Fifty-Nine

After taking leave of Bertil Efraimsson, Ann Lindell walked slowly homeward, overcome by a peculiar mixture of satisfaction and despondency. The former came from the fact that the arsons appeared to be solved, and hopefully that would put an end to some of the talk in the village. She was satisfied besides at her own effort, and the department’s. Sammy, Bodin, and the others had conducted themselves well. Finally, you might add. That gladdened an old police heart.

The despondency came from the fact that Tilltorp had been transformed, the tone had changed, trust had taken a knock, but also from the reactions of outsiders—many who had not even visited the village had strange ideas. At the gym in Österby talk had spread the whole spring, every time she’d gotten questions whether anything new had come out. “But you must know something!” a Zumba participant blurted out when Ann refused to speculate. Maybe they thought that as a former police officer she had access to special information.

As an undercurrent, mostly unexpressed, was the understanding that it was the fault of “the others.” “What business did they have here, I mean from the start?” was a line she heard from a customer at the creamery. A plumber, a normally sympathetic and humorous man who lived in the neighborhood, and who helped out with some small jobs at work, had mentioned that they couldn’t even speak Swedish. “They want subsidies, but don’t want to learn the language” was his analysis. Would she ever be able to joke with him like she’d always done? Even her closest neighbor had undergone a metamorphosis during the spring, from cozy uncle in carpenter’s pants to a real grouch.
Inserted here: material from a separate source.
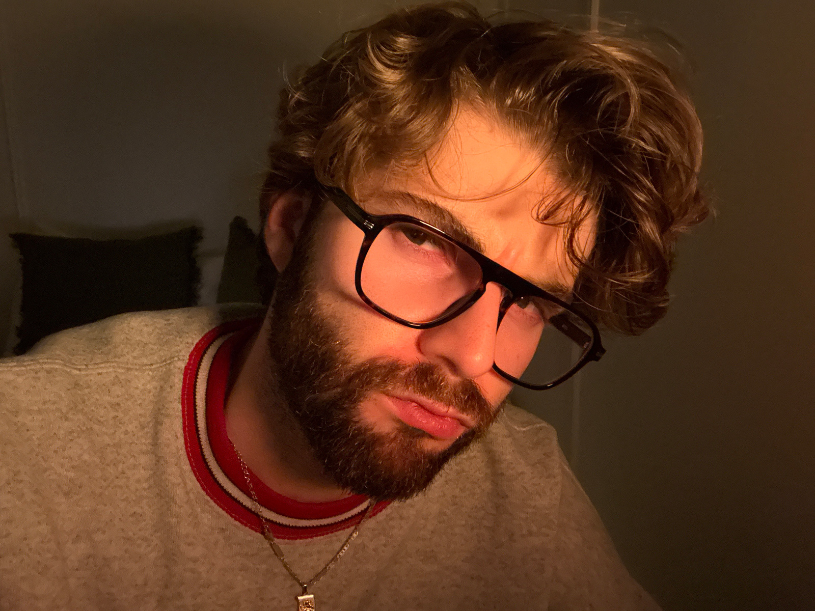 A close-up, inverted portrait of a Caucasian male with fair skin, brown wavy hair, a brown beard, and eyeglasses. The man is wearing a light gray sweatshirt with a red and white striped collar and a s…read more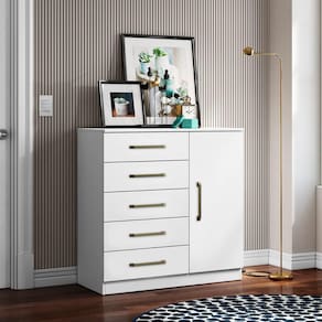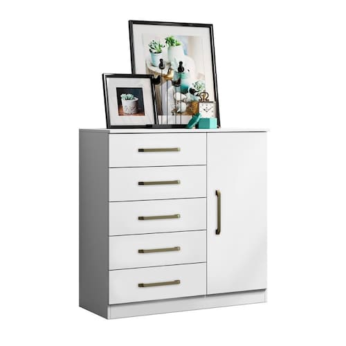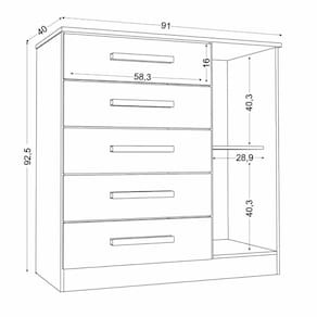 Prática e elegante, oferece 5 gavetas espaçosas com corrediças telescópicas e 1 porta para organizar roupas e acessórios com facilidade.

Small displacements. Words that crept in. She looked around. A car approached, too fast and too close. She was forced to step down in the ditch. She hadn’t seen it before, a dark BMW that skidded outside her lane. There were many passersby who didn’t understand that curve. Before her time, Gösta had said, a car had crashed right into the lilac hedge on the other side. She memorized the license plate number, a sheer reflex, and took out her phone to call and check who the owner was. That benefit, calling the station and quickly getting information, she still had. She still had friends left at the department.

“Missed Call,” the display said. The number was known, but not listed in her contacts. She browsed back in her call list, had to browse a long time before it showed up. She wondered who it could be. She counted days, tried to put the number in a context, see which other ones were right before and after, but got no wiser. She opened Eniro and checked the number: “Justus Jonsson.”

When she closed the browser she discovered two new voice messages. She listened. Clicked off, stood completely breathless, stock-still, before she routinely checked the time when they were entered, and then listened to them a second time. The words were etched in.